Question

The equation of wave is given by $y = 10 \sin \left(\frac{2\pi t}{30} + \alpha\right)$. If the displacement is 5 cm at t = 0, then the total phase at t = 7.5 s will be $\left[ \sin 30^\circ = \cos 60^\circ = \frac{1}{2}, \cos 30^\circ = \sin 60^\circ = \frac{\sqrt{3}}{2} \right]$

• A. $\frac{\pi}{3}$ rad
• B. $\frac{\pi}{2}$ rad
• C. $\frac{2\pi}{5}$ rad
• D. $\frac{2\pi}{3}$ rad

Hint:

Notice that a time of $t = 7.5\ \text{s}$ is exactly one-quarter of the wave's total time period ($T = 30\ \text{s}$). Moving a quarter-period forward adds exactly $\frac{\pi}{2}$ rad ($90^\circ$) to the initial phase. Adding $90^\circ$ to our starting angle of $30^\circ$ ($\frac{\pi}{6}$) gives $120^\circ$, which is exactly $\frac{2\pi}{3}$ rad!

Answer 1

The Correct Option is D

Step 1: Understanding the Question:
Given a wave function equation $y(t)$ with an initial condition entry at $t = 0$, we need to compute the absolute total phase angle argument $\phi = \left(\frac{2\pi t}{30} + \alpha\right)$ at time marker $t = 7.5\ \text{s}$.

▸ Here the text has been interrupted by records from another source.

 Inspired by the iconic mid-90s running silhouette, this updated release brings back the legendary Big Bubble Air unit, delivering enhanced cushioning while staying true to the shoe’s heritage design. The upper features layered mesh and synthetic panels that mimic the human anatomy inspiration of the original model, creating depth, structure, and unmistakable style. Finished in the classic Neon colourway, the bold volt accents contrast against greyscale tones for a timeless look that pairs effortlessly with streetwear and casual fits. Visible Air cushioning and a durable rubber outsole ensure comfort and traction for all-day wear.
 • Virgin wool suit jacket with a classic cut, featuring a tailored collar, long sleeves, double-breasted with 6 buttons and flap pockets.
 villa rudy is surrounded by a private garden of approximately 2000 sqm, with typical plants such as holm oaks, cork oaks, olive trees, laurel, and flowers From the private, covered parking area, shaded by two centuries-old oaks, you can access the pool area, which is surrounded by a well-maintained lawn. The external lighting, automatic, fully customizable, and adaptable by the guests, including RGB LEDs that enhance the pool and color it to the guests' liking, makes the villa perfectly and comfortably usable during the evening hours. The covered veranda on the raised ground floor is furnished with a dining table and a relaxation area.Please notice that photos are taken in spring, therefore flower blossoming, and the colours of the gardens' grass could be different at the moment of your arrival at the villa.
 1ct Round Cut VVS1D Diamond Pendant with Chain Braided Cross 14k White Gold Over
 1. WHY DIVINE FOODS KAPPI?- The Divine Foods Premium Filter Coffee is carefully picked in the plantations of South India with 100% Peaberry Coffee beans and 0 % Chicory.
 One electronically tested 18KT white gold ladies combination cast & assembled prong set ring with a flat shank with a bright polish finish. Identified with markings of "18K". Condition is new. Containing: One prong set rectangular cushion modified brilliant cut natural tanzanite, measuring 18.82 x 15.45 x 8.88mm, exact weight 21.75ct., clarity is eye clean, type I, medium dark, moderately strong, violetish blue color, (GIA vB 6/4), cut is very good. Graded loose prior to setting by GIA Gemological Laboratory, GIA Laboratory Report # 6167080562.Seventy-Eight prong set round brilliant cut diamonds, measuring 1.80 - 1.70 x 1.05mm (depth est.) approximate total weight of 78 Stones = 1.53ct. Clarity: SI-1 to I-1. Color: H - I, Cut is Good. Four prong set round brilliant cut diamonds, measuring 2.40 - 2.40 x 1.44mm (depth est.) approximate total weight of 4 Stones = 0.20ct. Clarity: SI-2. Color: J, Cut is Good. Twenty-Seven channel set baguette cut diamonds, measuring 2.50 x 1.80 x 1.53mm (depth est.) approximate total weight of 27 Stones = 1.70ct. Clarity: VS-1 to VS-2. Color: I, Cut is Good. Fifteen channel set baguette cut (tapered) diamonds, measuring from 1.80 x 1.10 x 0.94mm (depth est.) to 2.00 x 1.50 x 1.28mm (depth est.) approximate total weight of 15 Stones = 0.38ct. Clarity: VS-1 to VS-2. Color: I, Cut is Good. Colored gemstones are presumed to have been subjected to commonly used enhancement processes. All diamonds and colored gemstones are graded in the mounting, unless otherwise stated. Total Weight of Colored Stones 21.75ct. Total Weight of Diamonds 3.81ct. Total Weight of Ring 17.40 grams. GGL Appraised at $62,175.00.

Step 2: Detailed Explanation:
First, let's solve for the initial phase angle $\alpha$ using the boundary state condition ($y = 5\ \text{cm}$ at $t = 0$): $$ 5 = 10 \sin \left(\frac{2\pi(0)}{30} + \alpha\right) \implies 5 = 10 \sin\alpha $$ $$ \sin\alpha = \frac{5}{10} = \frac{1}{2} \implies \alpha = \frac{\pi}{6}\ \text{rad} $$ Now, we calculate the total phase angle argument $\phi$ at our target time $t = 7.5\ \text{s}$: $$ \phi = \frac{2\pi(7.5)}{30} + \alpha $$ Substitute the exact values into the phase equation: $$ \phi = \frac{15\pi}{30} + \frac{\pi}{6} = \frac{\pi}{2} + \frac{\pi}{6} $$ Taking a common denominator of 6 to complete the angle addition: $$ \phi = \frac{3\pi + \pi}{6} = \frac{4\pi}{6} = \frac{2\pi}{3}\ \text{rad} $$

Step 3: Final Answer:
The total phase at $t = 7.5\ \text{s}$ is $\frac{2\pi}{3}$ rad, which corresponds to option (D).